I remember going to the doctor for a very generic disease…the flu…and I was given Vicoden.  I remember the buzz I got from it. I liked it. It not only took away my pain physically but the emotional pain that I had carried up to that moment. I felt good.  I was numb.

I looked up the definition of numb and this is what it said:

  • dead(p): (followed by `to’) not showing human feeling or sensitivity; unresponsive;  “numb to the cries for mercy”
  • make numb or insensitive; “The shock numbed her senses

There it is… “Numb to the cries for mercy”

What happened to me during my life as a child and into adulthood was the unspeakable. And I had wondered where my cries for mercy had gone all these years. But now, who cared! I was free, free at-last…

John 8:44:

“He was a killer from the very start. He couldn’t stand the truth because there wasn’t a shred of truth in him. When the Liar speaks, he makes it up out of his lying nature and fills the world with lies….” The Message

Well, there it is… “Beauty in a pill” … Satan comes as a beautiful creature, one of alluring poise. Freedom — I had never felt such freedom.

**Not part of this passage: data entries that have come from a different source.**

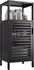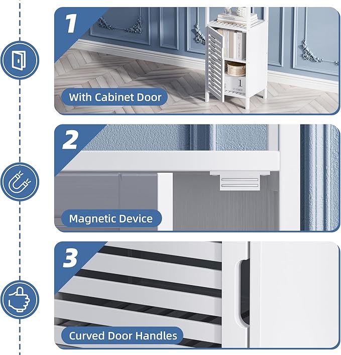 HITNET Bamboo Bathroom Storage Cabinet, 4 Tier Small White Floor Cabinet with Single Door, Free Standing Slim Narrow Storage Organizer for Bedroom Living Room
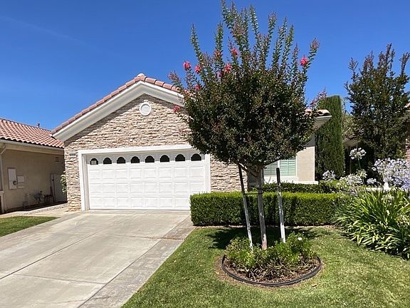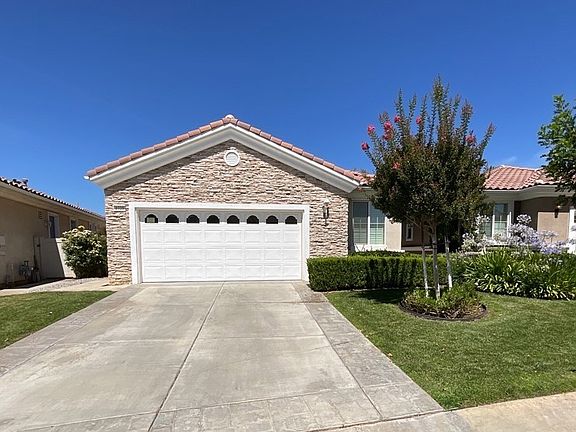 Nestled within the beautiful Oak Valley Greens Community, this 55+ planned development neighborhood offers its residents serene surroundings and opportunities for an active lifestyle. With the elevation being at about 2,600, residents can enjoy scenic views, and this higher elevation provides the community an escape from the extreme heat of the desert communities of the Palm Desert area. This lovely home has nice landscaping and a patio for relaxing evenings or friendly get-togethers. The split floorplan offers privacy with the main bedroom and ensuite on one side of the centrally located office space and the guest room on the other end. Nice inside laundry off of the kitchen. Kitchen has Corian counters and a nice sized pantry. The air conditioner is brand new and works great. The HOA of Oak Valley Greens offers an abundance of indoor and outdoor activities & amenities. The community epicenter is the 18,000 sq. ft. recreational clubhouse facility social and fitness activities. Indoor amenities include fitness center, indoor walking track, table tennis, billiards, a library, multi-use kitchen, and a general use room for various activities like arts & crafts, quilting, scrapbooking, and more. Outdoor amenities include (2) tennis courts, (4) Bocce Ball courts, an outdoor patio, an outdoor pool & spa, and ample outdoor space to walk and bike. Also, nearby is a public golf course and shopping facilities.
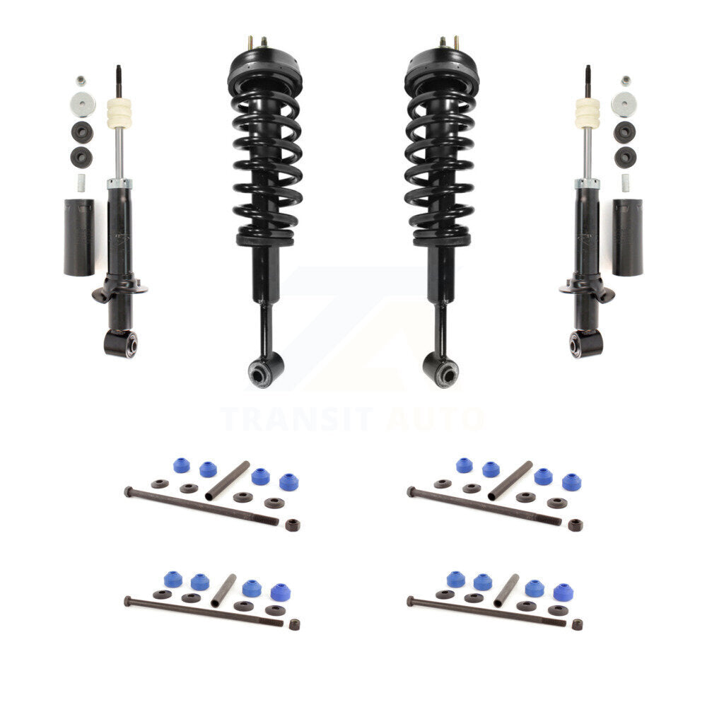 • Kit Includes: 2x Front Unity Automotive Suspension Strut and Coil Spring Assembly (Both Side) + 2x Front TOR Suspension Stabilizer Bar Link Kit (Both Side) + 2x Rear TMC Suspension Strut (Both Side) + 2x Rear TOR Suspension Stabilizer Bar Link Kit (B
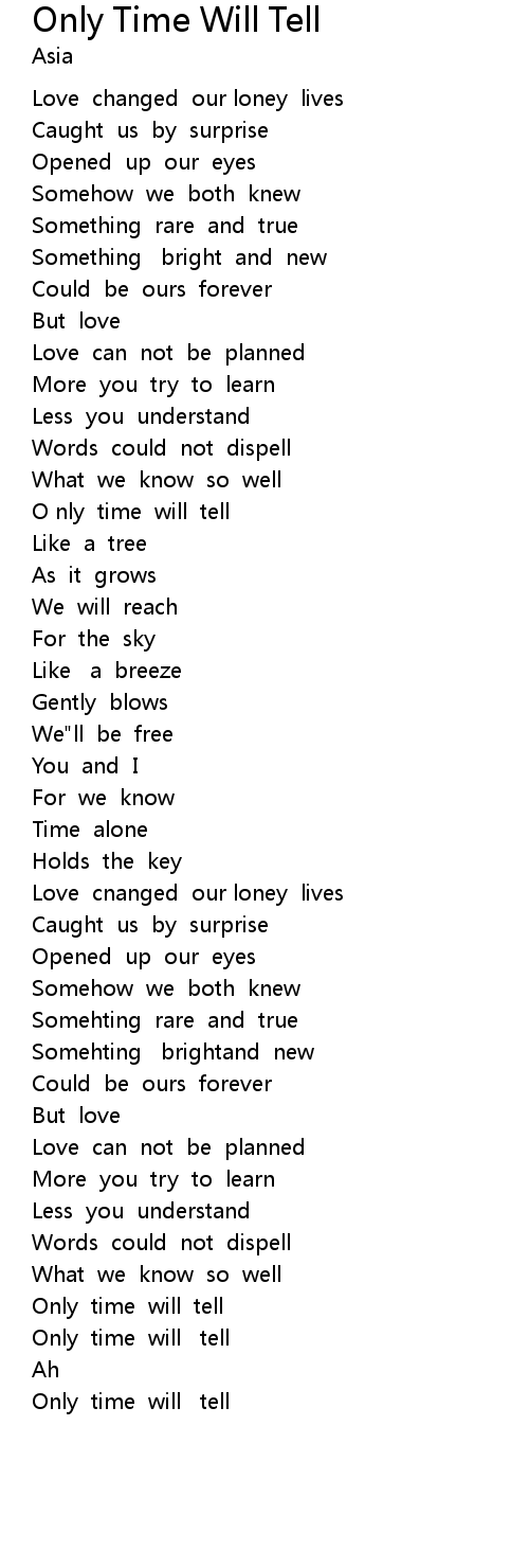 | [01:16.44] | O nly time will tell |
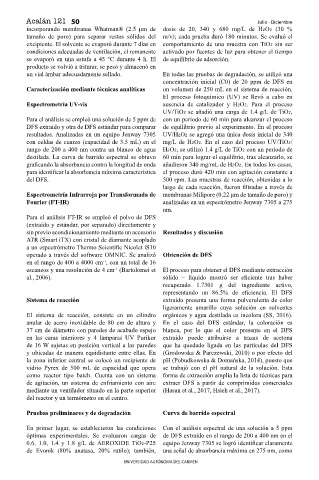 rango de 200 a 400 nm contra un blanco de agua H2O2, se utilizó 1.4 g/L de TiO2 con un periodo de
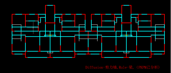 同样,点击“PKPM模型下载”按钮可以将优化后的PKPM模型下载到本地,供用户进行后续的设计操作;点击“自动优化设计”按钮,AI将优化后的设计结果绘制在CAD中(原生成方案的下方),同时也会将计算结果同步绘制在CAD中,如下图所示。
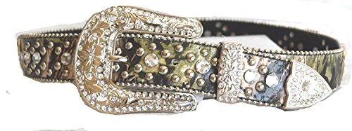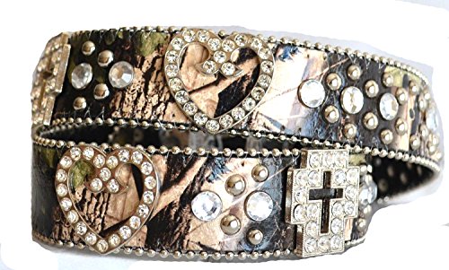 Binding : Apparel Product Description Beautifully made belt. Western faux leather upper and genuine leather backing camo print design rhinestone cross, heart metal conchos and studs accent belt. Removable buckle set. All the rhinestones and studs riveted and conchos screwed through the belt. 0
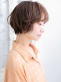 ★お気に入りスタイルは【ブックマーク】を★ルーズなくせ毛風カールとオン眉シースルーバングの重めスタイルを耳かけして軽さを出した丸みショート。旬なアプリコットオレンジなど暖色系カラーで。ナチュラルボブからのイメチェンに♪
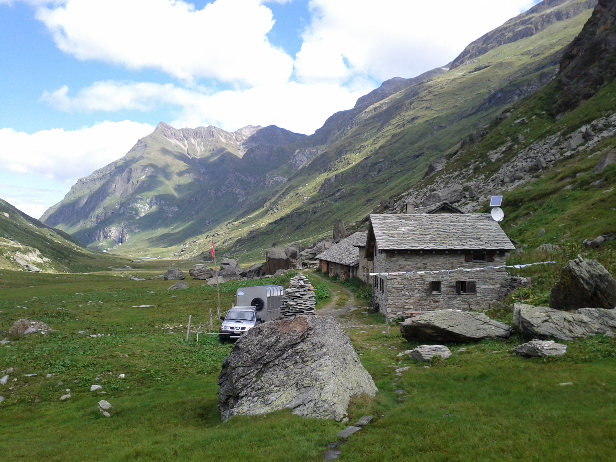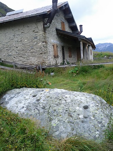 Gion Fluregn Grischott told me this last night. But he wasn’t talking about the huge hydropower dam he’d just taken me inside of. He was pointing to a place on the map about two kilometers away, beside the trail I’d be hiking in the morning. There, at an alp age called Ganda Nera, is a large stone with holes drilled into it. I’m sitting on this stone now. The holes were chiselled somewhere between four and five thousand years ago and seem to be a seasonal sun dial. Place sticks in the holes and the shadows will fall to tell you whether the solstice is coming or past, and other seasonal changes ancient peoples needed to know.
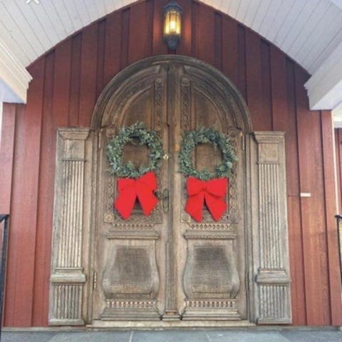 Eiketre dør er i godt stand . Dør i mitn og glas i begge side .
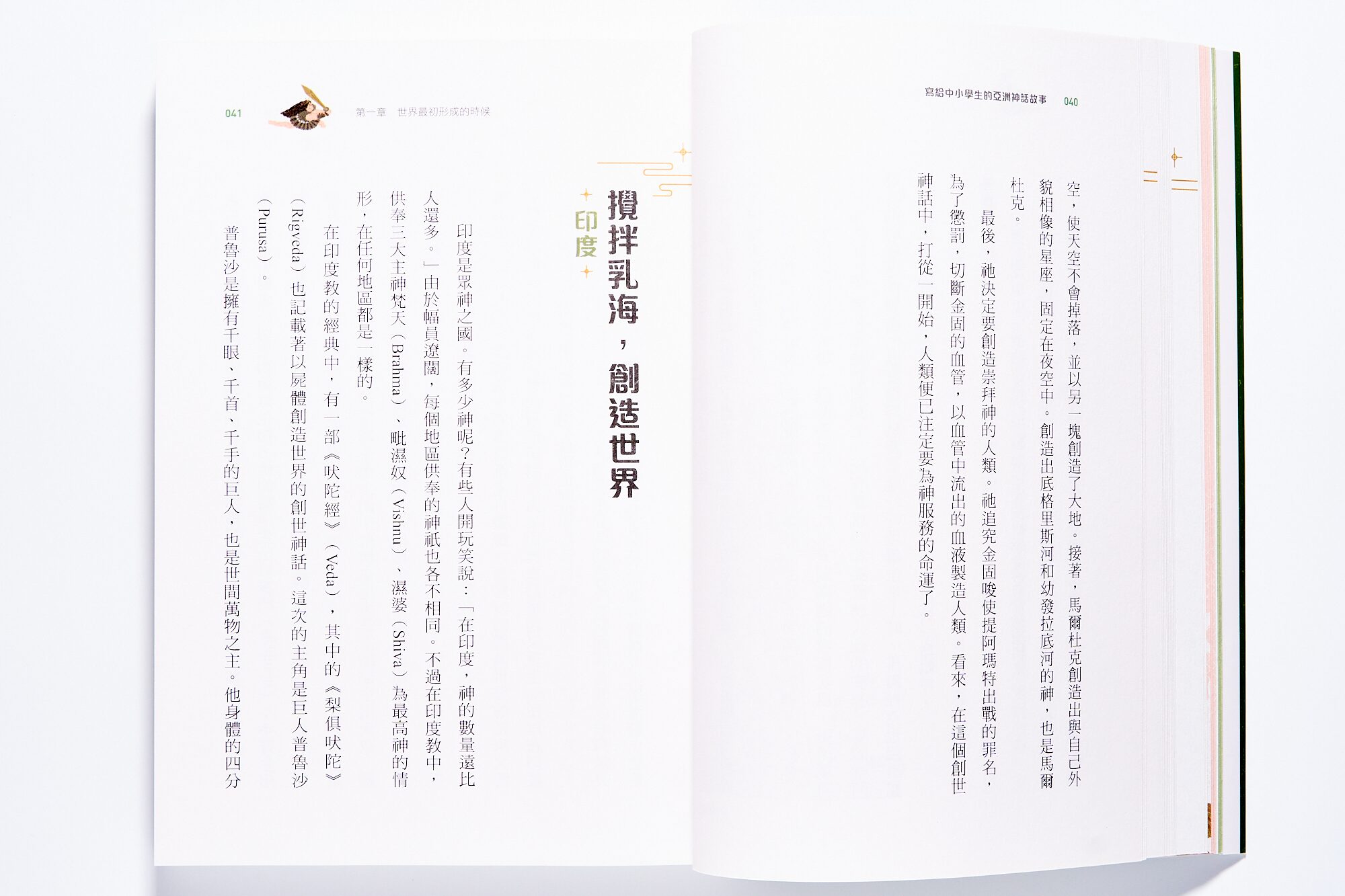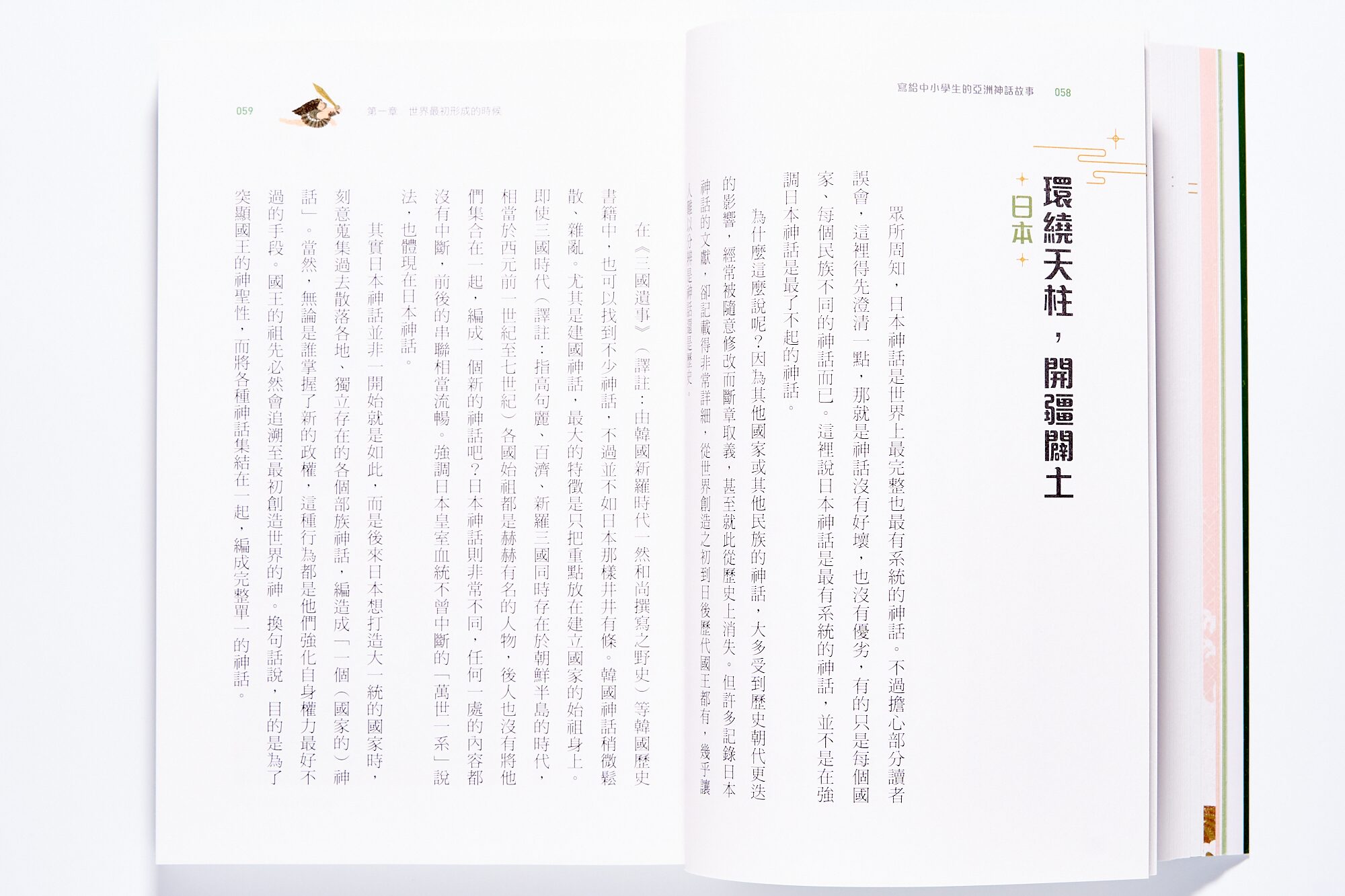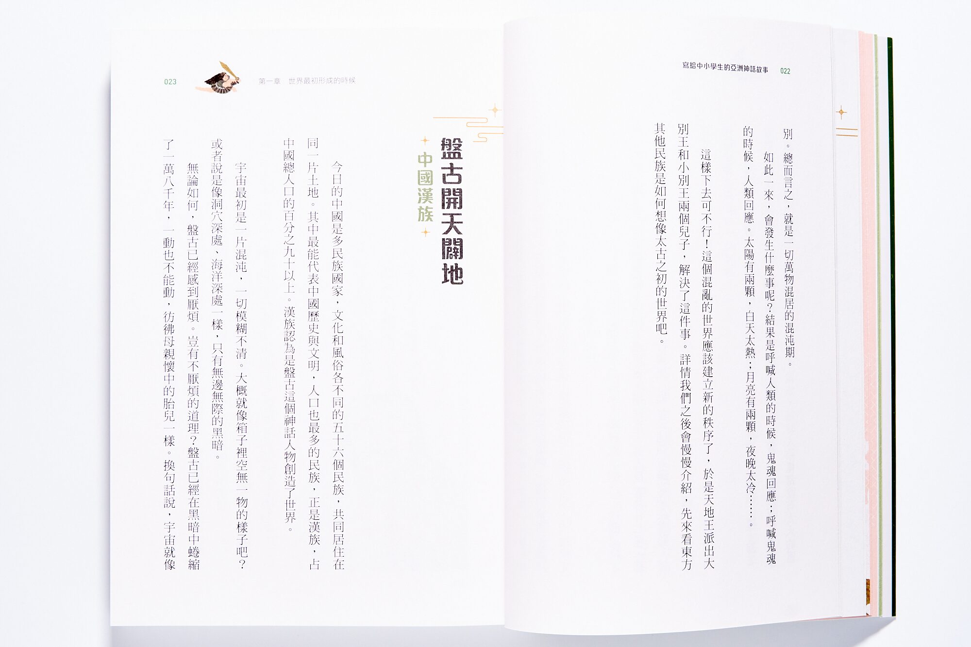 《寫給中小學生的亞洲神話故事》收集了來自於亞洲國家的神話故事,包含中國、印度、日本、蒙古、波斯、美索不達米亞等等,除了亞洲神話本來就是少見的題材外,作者也把這些故事分成世界生成到毀滅、人類誕生、英雄崛起、或是與自然共存身等大主題,並且在每組故事ˋ主題前都會特別撰寫導讀,讓孩子知道為什麼會有這些神話誕生,以及這些神話怎麼對人類社會造成哪些影響。
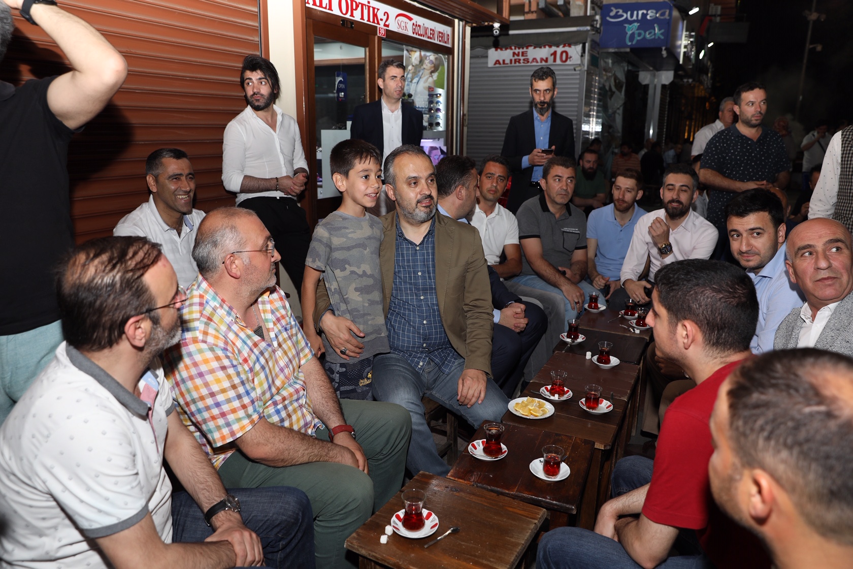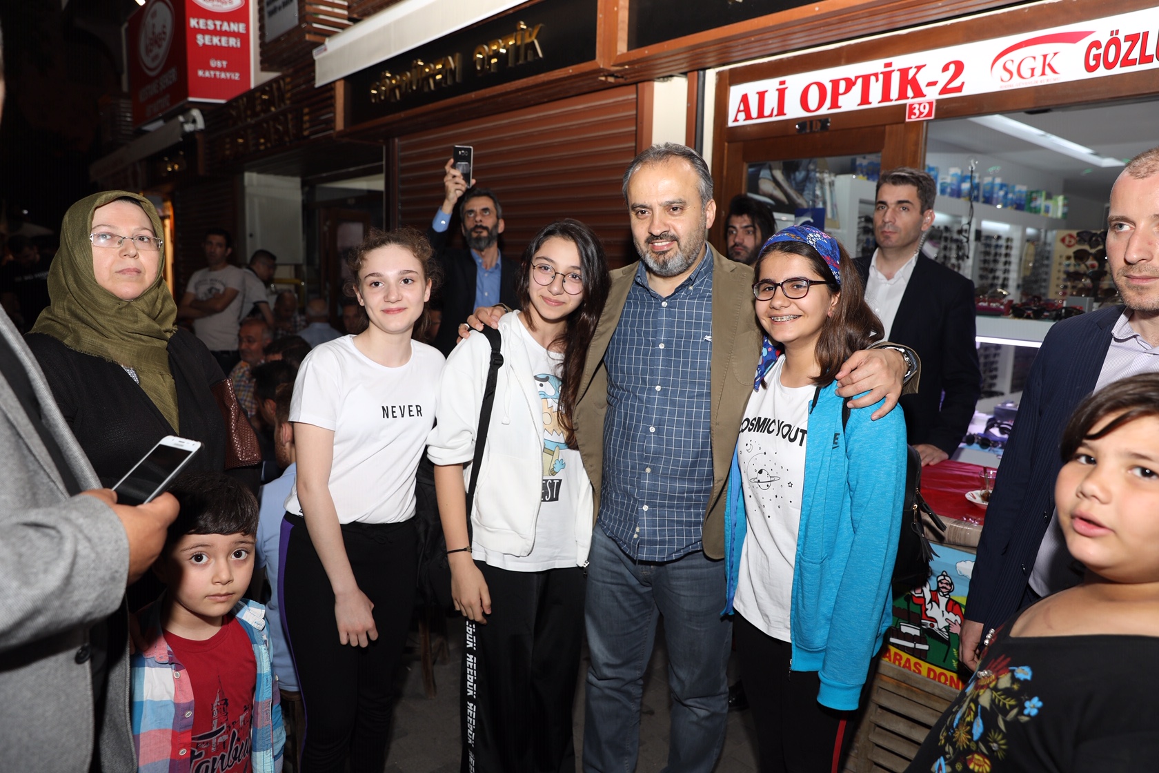 Başkan Aktaş, gecenin ilerleyen saatlerinde de Ulu Cami'de vatandaşlarla buluştu. Ulu Cami çevresindeki esnaflarla çay için sohbet eden Başkan Aktaş, kendisiyle fotoğraf çektirmek isteyen vatandaşları da geri çevirmedi. Kadir Gecesi nedeniyle yoğunluğun bir an olsun eksilmediği Ulu Cami'de vatandaşlara sahurluk ikramı yapıldı. Başkan Aktaş, beraberindeki AK Parti Osmangazi İlçe Başkanı Ufuk Cömez ile birlikte vatandaşlara sahurluk dağıttı.
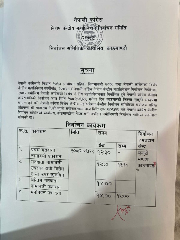 कांग्रेस विशेष महाधिवेशनः यस्तो छ नयाँ नेतृत्वका लागि निर्वाचन तालिका
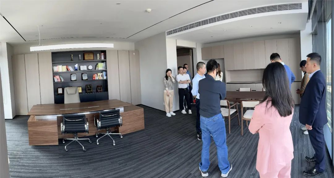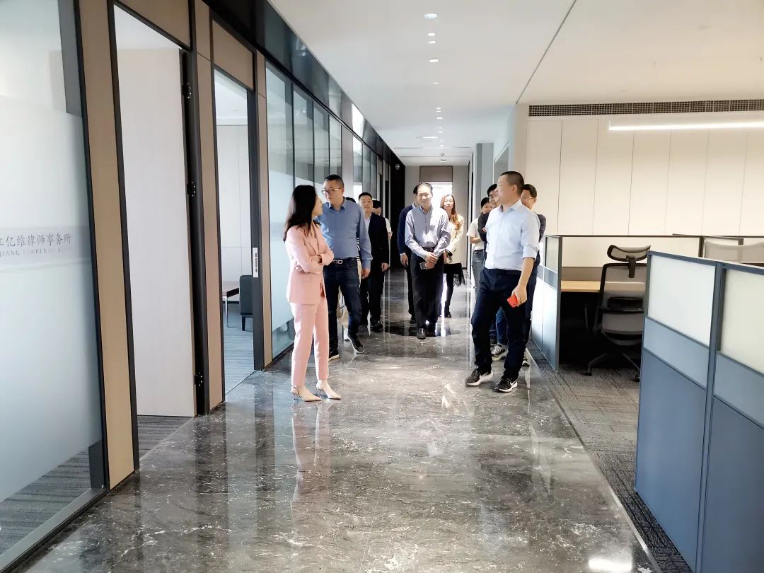 陈先锋主任对商会领导、老乡和同仁们的莅临表示热烈欢迎,他先陪同大家参观了浙江亿维律师事务所的新办公室场所。他说,浙江亿维律师事务所成立于2010年,是一家以知识产权业务为核心同步拓展其他法律服务的综合性律师事务所。近日,亿维律所即将乔迁至位于中国杭州阿里巴巴西溪园区区域的欧美金融城美国中心,原办公地在西湖区要迁到这里余杭区办公办公场所买下了F30一个整层,建筑面积占2000平米。拥有会议室、线上开庭室及休闲区10余间, 律师办公室近20间,员工工位近150个。律所发展十三年以来,一直深耕于知识产权、互联网科技和影视、大文娱行业等法律服务,具有一定影响力。秉承”以客户为核心,为客户创造价值”的理念,为客户提供专业的法律服务,受到客户信任和好评。
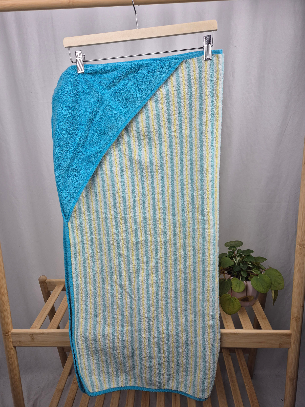 Hebká dětská osuška od značky Tchibo v krásném pruhovaném designu v odstínech tyrkysové, žluté a bílé s jemným lemováním v modré barvě. Díky praktické kapuci v rohu udrží po koupání hlavičku v teple a osuší i ty nejmenší kapičky. Ideální na doma do koupelny, k bazénu nebo na dovolenou k moři.

And the years that followed were great. I had more confidence. I met challenges head on. I had the world in the palm of my hand.

Luke 4:6-7

“I will give you all their authority and splendor, for it has been given to me, and I can give it to anyone I want to. 7So if you worship me, it will all be yours.”

I worshiped the Vicoden.  It was my idol. Soon, very soon, I was hooked. I went nowhere without my god.  He was always in my hands, pockets, drawers, purse, and even my shoes. I could go anywhere and worship my new god.

Soon, I would no longer need to go to church for I worshiped all day long … praying… where would I get more?

Almost immediately, I became a faithful follower.

And this was the beginning of my Hell.

The Daughter of the King

Her Broken Wing

Posted in Uncategorized with tags , on March 14, 2010 by Her Broken Wing

HER BROKEN WING

Hello world. Glad you stopped by…. but one world of advice… This blog is not for the weak spirit nor is it for the judgmental Hypocrites. Now with that said…Let us begin…

I am:

An Adult

A Professional

A Christian

A wife

A mom

A sister

I am a Nurse

and I am a recovering Drug-addict

When I was a little girl, I had many ambitions and dreams. I worked hard to get to where I am. I never once said, “I want to be a drug-addict when I grow up.”

It started before I was born. I just helped it along. I have heard it said, “You become an addict with the first pill.” Now that doesn’t mean if you take a pill you are an addict, unless you are an addict. Doesn’t make sense, does it? It does if you are the devotee a la drugs.

Looking back, I remember that first pill.

If I could make one difference in the medical community, it would be that Physicians  better screened their patients (family history of abuse) and know the warning signs of their patients. I mean when you are calling in every few weeks for more drugs, something isn’t kosher.

I do take responsibility for my actions.

So let me set that straight. And I am the one paying the price… I lost years with my family. I lost my job. And if I had stayed down that path, I would have lost my life.

I am this broken-winged bird. Resting in the Papa’s hand. Not able to fly away but resting closely in His hand.

It is apparent, I am alive because and only because of the grace of God!

I will be sharing as I go along…the destruction of my life through my journey the past few years. And then, I will reveal the HOPE there is available to us all.